# Rosho: The Chatbot 

Rosho will help you find answers to queries from NCERT Chapter Sound. It can do the following:
* Retrieve relevant data and answer queries that are related to the text
* Greet appropriately
* Do math calculations when provided python compatible math expressions

![demo.png](attachment:3d58ce5a-7a43-4117-a5a6-0cdf6ad22283.png)

Let's get into how Rosho works!

**Briefly mention that this notebook only shows the inner workings.
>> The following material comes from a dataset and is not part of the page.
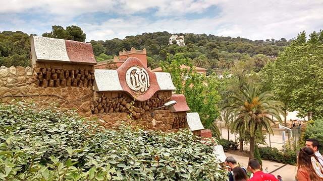 Detalle del Parque Guëll y vista de la Basílica La sagrada Familia

FastAPI and Chatbot UI can be found in main.py**

First install all necessary libraries

In [34]:
!pip install -r requirements.txt




[notice] A new release of pip is available: 24.0 -> 24.2
[notice] To update, run: python.exe -m pip install --upgrade pip


In [35]:
import os
import gradio as gr
from fastapi import FastAPI
from langchain_community.embeddings import HuggingFaceEmbeddings
from langchain_community.llms import HuggingFaceHub
from langchain_community.vectorstores import FAISS
import asyncio
from transformers import pipeline
from langchain_community.document_loaders import PyPDFLoader
import uvicorn
from langchain.text_splitter import RecursiveCharacterTextSplitter
from fastapi.staticfiles import StaticFiles
from torch.cuda import is_available as if_gpu
from math import exp, log, log10, sqrt, fabs
import torch
from langchain_community.retrievers import BM25Retriever
from langchain.retrievers import EnsembleRetriever

## Setting up environment
Give your HuggingFace API Token here:

In [36]:
# Add your API key here if not added already 
# os.environ["HUGGINGFACEHUB_API_TOKEN"] = 'abcd123'

## Hyperparameters
This is where you come back to fine tune your model. This cell contains all the models, directories, threshold values and other parameters used in the code.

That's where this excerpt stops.